----- DATA FOR THIS TASK

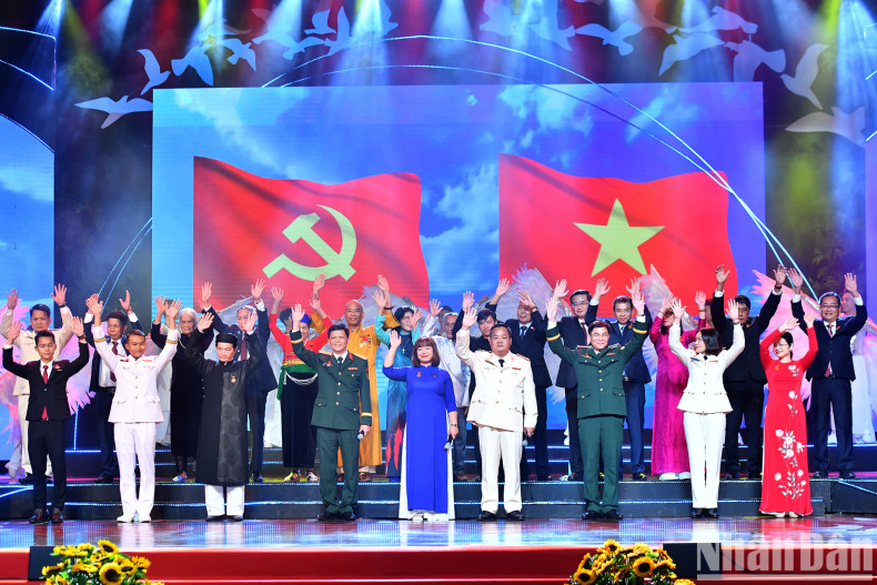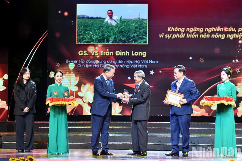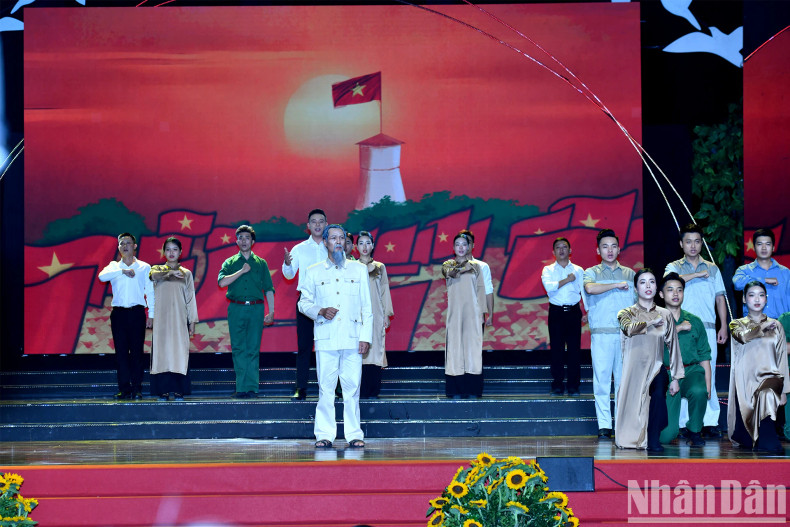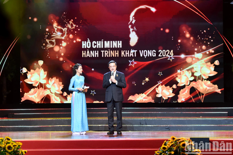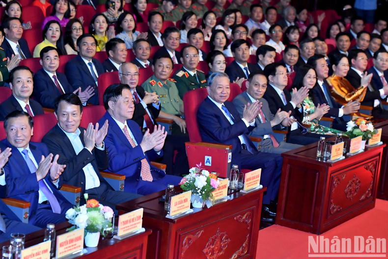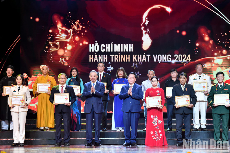 Lors du spectacle, le secrétaire général du Parti To Lam et chef de la Commission centrale de la sensibilisation et de l’éducation du Parti, Nguyen Trong Nghia, ont décerné des certificats et des logos honorant 25 exemples nationaux typiques dans l'étude et le suivi de l'idéologie, de l'éthique et du style de Ho Chi Minh.
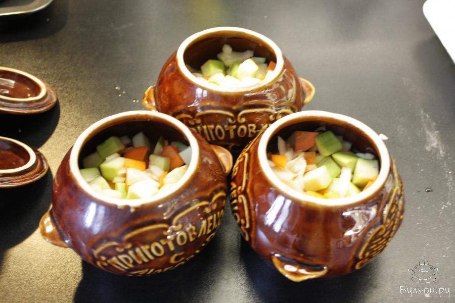 2. Смешать мясо с овощами, добавить оливковое масло, посолить, поперчить по вкусу. Разложить по горшочкам, влить в каждый по 1/4 стакана горячей воды. Закрыть крышкой или фольгой. Поставить в разогретую до 200 градусов духовку.
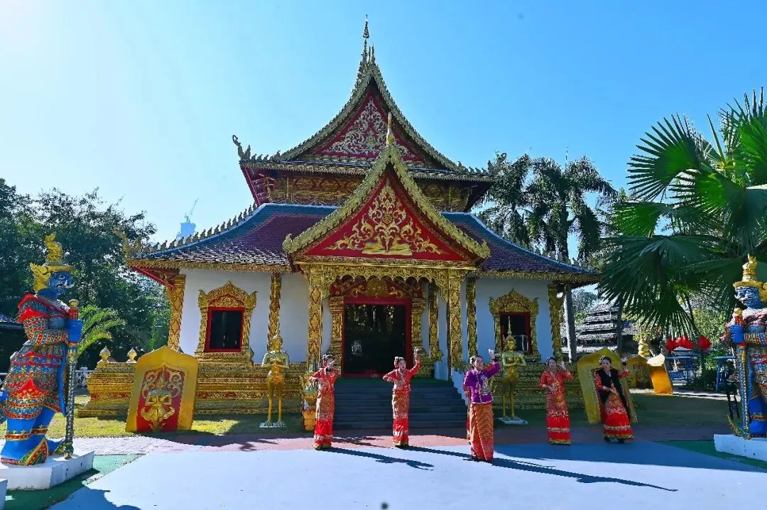 其主要建筑山门殿位于山门底下,屋顶为重檐歇山式,门口有两只大狮子守护,象征三解脱的空门、无相门和无作门;天王殿供奉弥勒塑像和四大天王塑像,以及背面的韦驮护法塑像;大雄宝殿供奉释迦三圣金身塑像,包括释迦牟尼佛、文殊菩萨和普贤菩萨,以及唐玄奘和尚和观世音菩萨的金身塑像,整个庙宇建筑宏伟壮观,金碧辉煌。
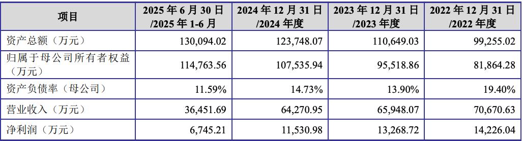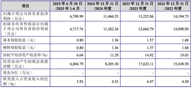 2022年、2023年、2024年度和2025年上半年,耀坤液压的营收分别约为7.07亿元、6.59亿元、6.43亿元和3.65亿元,净利润分别约为1.42亿元、1.33亿元、1.15亿元和6745.21万元,扣非后净利润分别约为1.41亿元、1.27亿元、1.14亿元和6717.74万元。
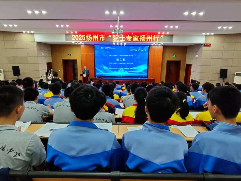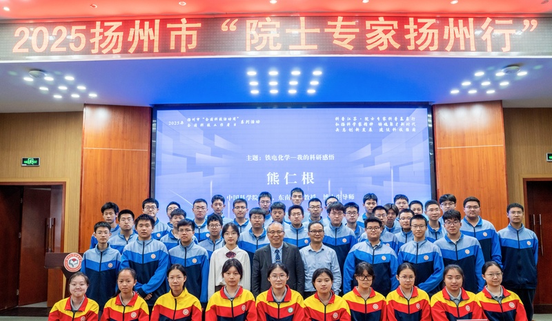 5月21日上午10点,在扬州大学附属中学报告厅,一场前沿科学知识与科学精神交融的报告会,在学生们轻松愉悦的氛围中开启。 铁电化学创始人熊仁根教授以《铁电化学—我的科研感悟》为主题,以接地气的态度,讲解铁电化学的科学知识,分享“在别人没有意识到”的时候敢于踏入并深耕不辍于铁电化学研究的经历与成果,分享数十年以来长期从事无机配位化学研究的科研感悟。
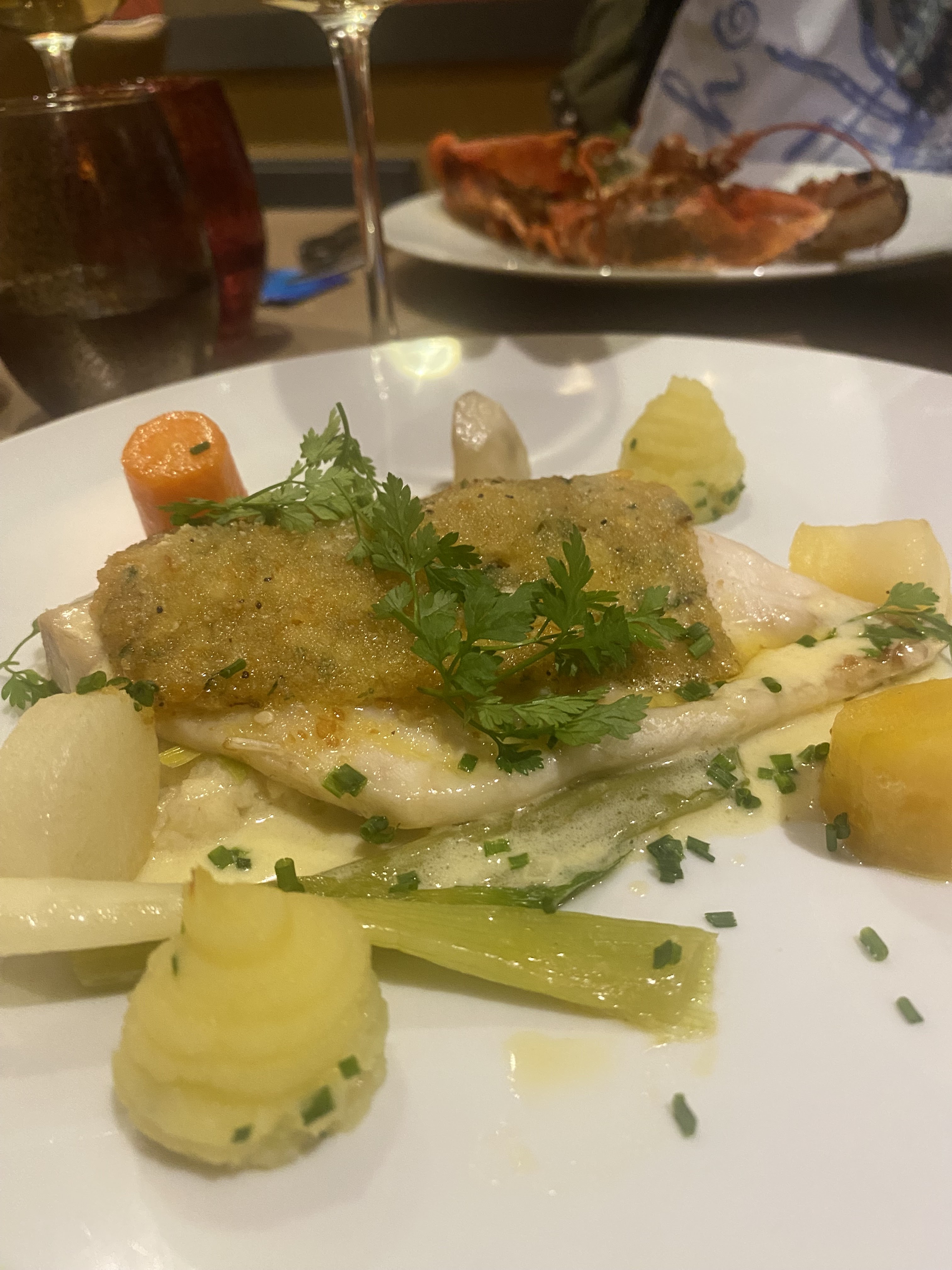 Entré bonne plats pri 2 poissons Différent regrette sauce garnitures pareil légumes manque cuisson dessert bon
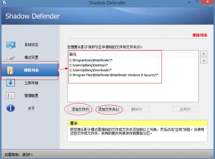 三、Shadow Defender的排除列表
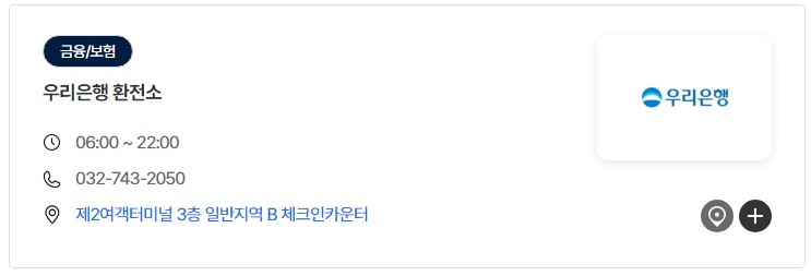 | 우리은행 영업점 | 09:00~16:00 | 제2여객터미널 지하 1층 동편 | 주말, 공휴일 불가 |
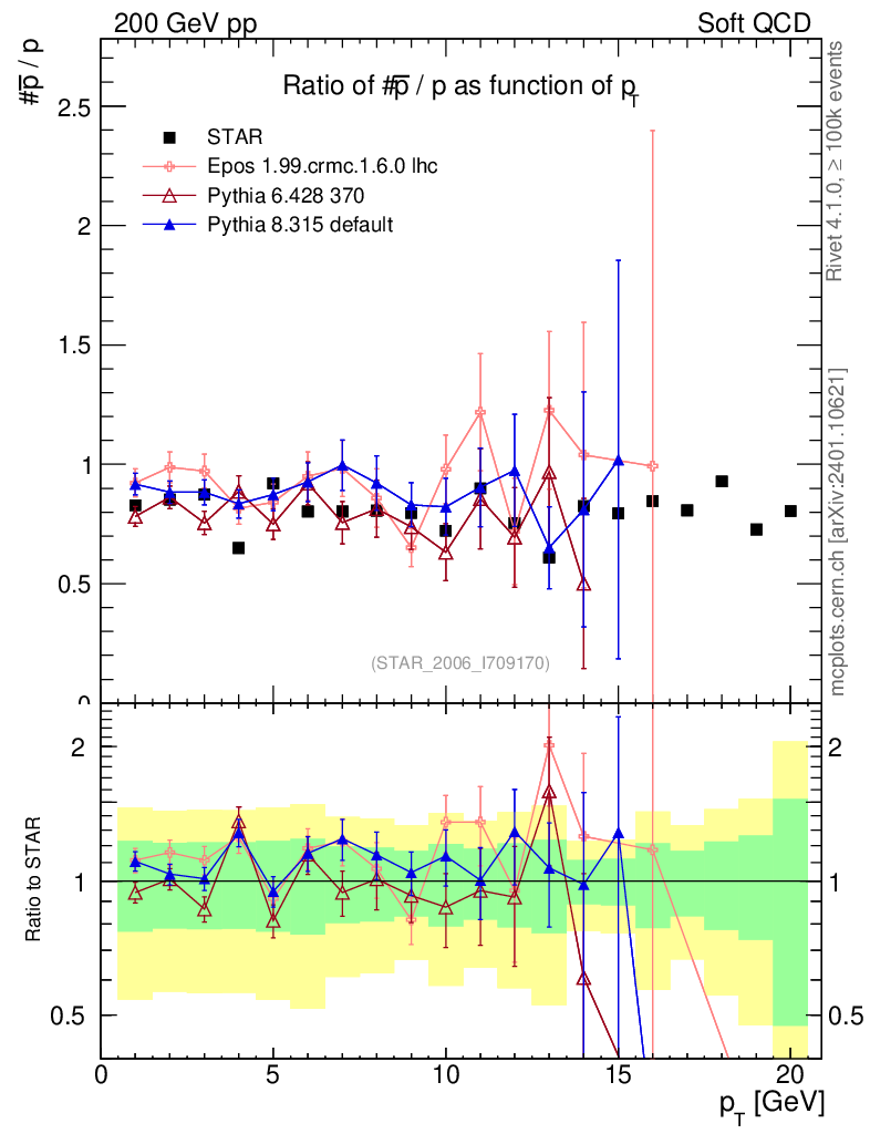 Soft QCD (inelastic) : Identified Particles : Ratios : pbar/p vs pT
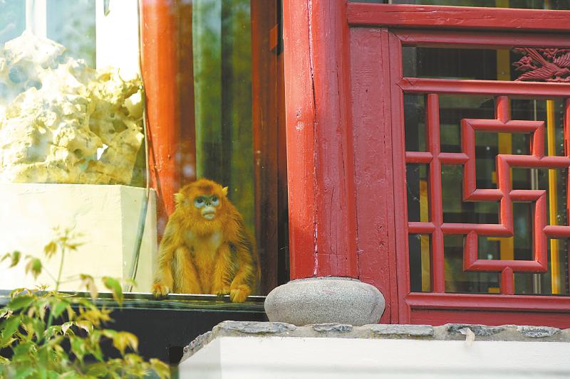 比利时 布吕热莱特 天堂动物园 这是5月14日在比利时布吕热莱特的天堂动物园拍摄的金丝猴。 当地时间14日下午,在隆重的欢迎仪式中,来自中国的三只金丝猴抵达比利时天堂动物园。这三只金丝猴为一雄两雌,它们将封闭式栖居于园方特意准备的一座中国风格的楼阁建筑中,完成一个月的检疫隔离后与公众正式见面。根据园方与中国野生动物保护协会签署的协议,双方将开展为期10年的金丝猴保护合作。新华社记者 张兆卿 摄
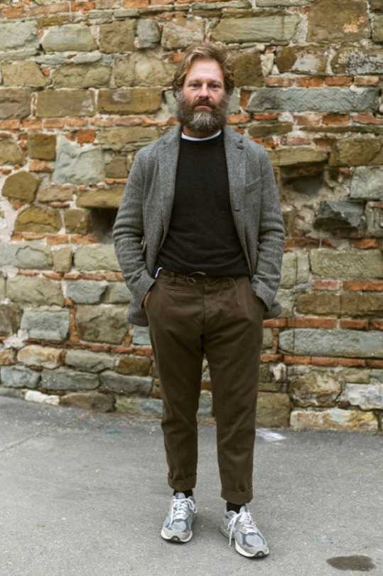 Самый безопасный вариант сочетания кроссовок с пиджаком — выбрать последний такого стиля, чтобы его спортивность не вызывала никаких сомнений: фактурный, с накладными карманами, возможно, с заплатками или вообще приближенный к рабочему стилю. Тогда, надев к нему спортивную обувь, вам не о чем будет беспокоиться.
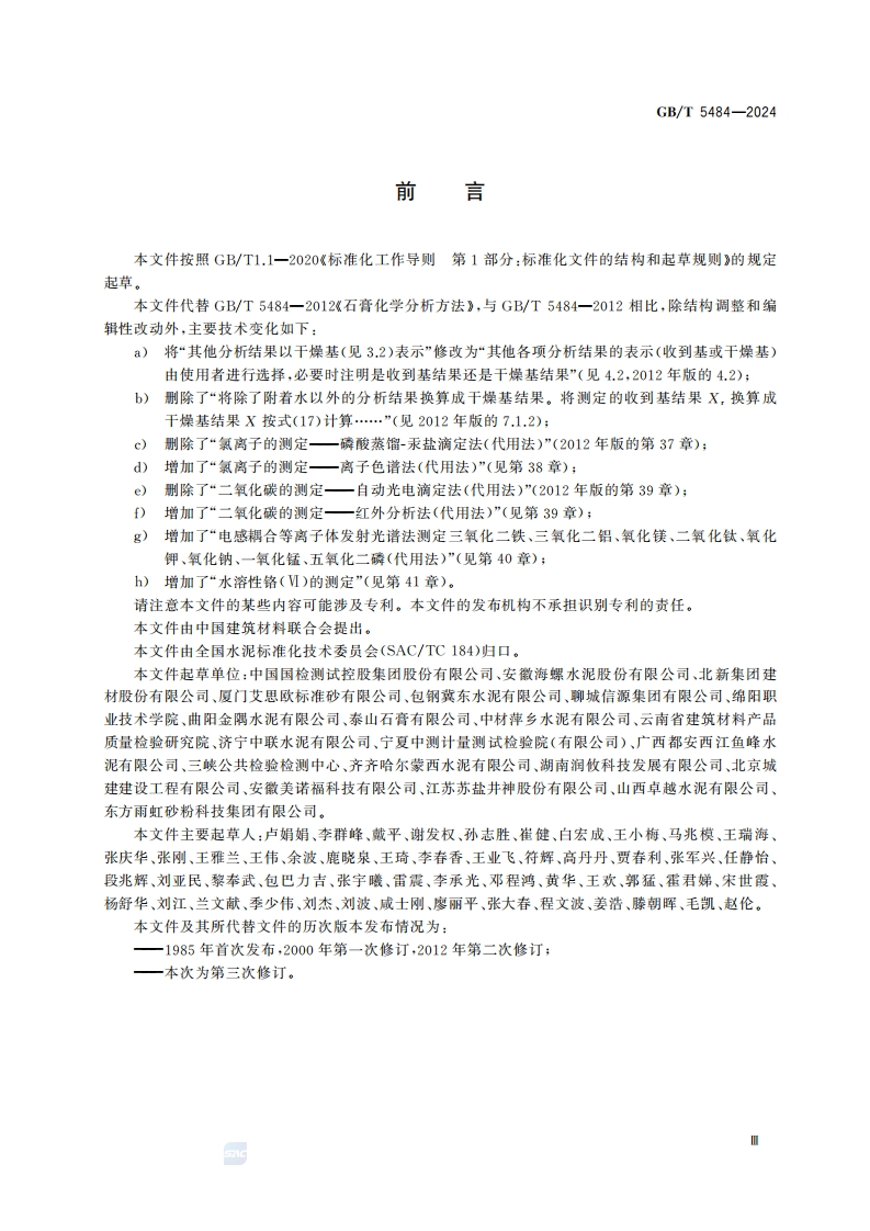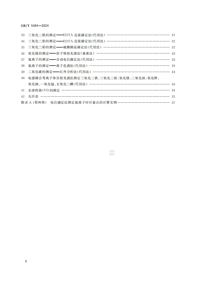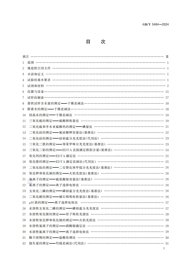 石膏化学分析方法Vethodsforchemicalanalysisofgypsum_石膏化学分析方法Methodsforchemicalanalysisofgypsum348072@abc3天前发布关注私信0.74MB47页036石膏化学分析方法Vethodsforchemicalanalysisofgypsum_石膏化学分析方法Methodsforchemicalanalysisofgypsum此内容为付费资源,请付费后查看¥23¥36黄金会员免费钻石会员免费立即购买您当前未登录!建议登陆后购买,可保存购买订单付费资源 第1页 / 共47页 第2页 / 共47页 第3页 / 共47页 第4页 / 共47页 第5页 / 共47页 试读已结束,还剩42页,您可下载完整版后进行离线阅读 THE END标准规范 文本预览 1Cs91.100.10CCS Q 11中华人民共和国国家标准GB/T5484-2024代替GB/T5484一2012石膏化学分析方法Methods for chemical analysis of gypsum2024-04-25发布2024-11-01实施国家市场监督管理兽局发布国家标准化管理委员会 查看更多 收起部分 喜欢就支持一下吧收藏

----------

- [WHAT NEEDS TO BE DONE]: Output only the lines that run from the line containing "5月21日上午10点,在扬州" to the last line of the data, exactly as they stand and without pictures.

- [SOLUTION TO THIS EXERCISE]:
 5月21日上午10点,在扬州大学附属中学报告厅,一场前沿科学知识与科学精神交融的报告会,在学生们轻松愉悦的氛围中开启。 铁电化学创始人熊仁根教授以《铁电化学—我的科研感悟》为主题,以接地气的态度,讲解铁电化学的科学知识,分享“在别人没有意识到”的时候敢于踏入并深耕不辍于铁电化学研究的经历与成果,分享数十年以来长期从事无机配位化学研究的科研感悟。
 Entré bonne plats pri 2 poissons Différent regrette sauce garnitures pareil légumes manque cuisson dessert bon
 三、Shadow Defender的排除列表
 | 우리은행 영업점 | 09:00~16:00 | 제2여객터미널 지하 1층 동편 | 주말, 공휴일 불가 |
 Soft QCD (inelastic) : Identified Particles : Ratios : pbar/p vs pT
 比利时 布吕热莱特 天堂动物园 这是5月14日在比利时布吕热莱特的天堂动物园拍摄的金丝猴。 当地时间14日下午,在隆重的欢迎仪式中,来自中国的三只金丝猴抵达比利时天堂动物园。这三只金丝猴为一雄两雌,它们将封闭式栖居于园方特意准备的一座中国风格的楼阁建筑中,完成一个月的检疫隔离后与公众正式见面。根据园方与中国野生动物保护协会签署的协议,双方将开展为期10年的金丝猴保护合作。新华社记者 张兆卿 摄
 Самый безопасный вариант сочетания кроссовок с пиджаком — выбрать последний такого стиля, чтобы его спортивность не вызывала никаких сомнений: фактурный, с накладными карманами, возможно, с заплатками или вообще приближенный к рабочему стилю. Тогда, надев к нему спортивную обувь, вам не о чем будет беспокоиться.
 石膏化学分析方法Vethodsforchemicalanalysisofgypsum_石膏化学分析方法Methodsforchemicalanalysisofgypsum348072@abc3天前发布关注私信0.74MB47页036石膏化学分析方法Vethodsforchemicalanalysisofgypsum_石膏化学分析方法Methodsforchemicalanalysisofgypsum此内容为付费资源,请付费后查看¥23¥36黄金会员免费钻石会员免费立即购买您当前未登录!建议登陆后购买,可保存购买订单付费资源 第1页 / 共47页 第2页 / 共47页 第3页 / 共47页 第4页 / 共47页 第5页 / 共47页 试读已结束,还剩42页,您可下载完整版后进行离线阅读 THE END标准规范 文本预览 1Cs91.100.10CCS Q 11中华人民共和国国家标准GB/T5484-2024代替GB/T5484一2012石膏化学分析方法Methods for chemical analysis of gypsum2024-04-25发布2024-11-01实施国家市场监督管理兽局发布国家标准化管理委员会 查看更多 收起部分 喜欢就支持一下吧收藏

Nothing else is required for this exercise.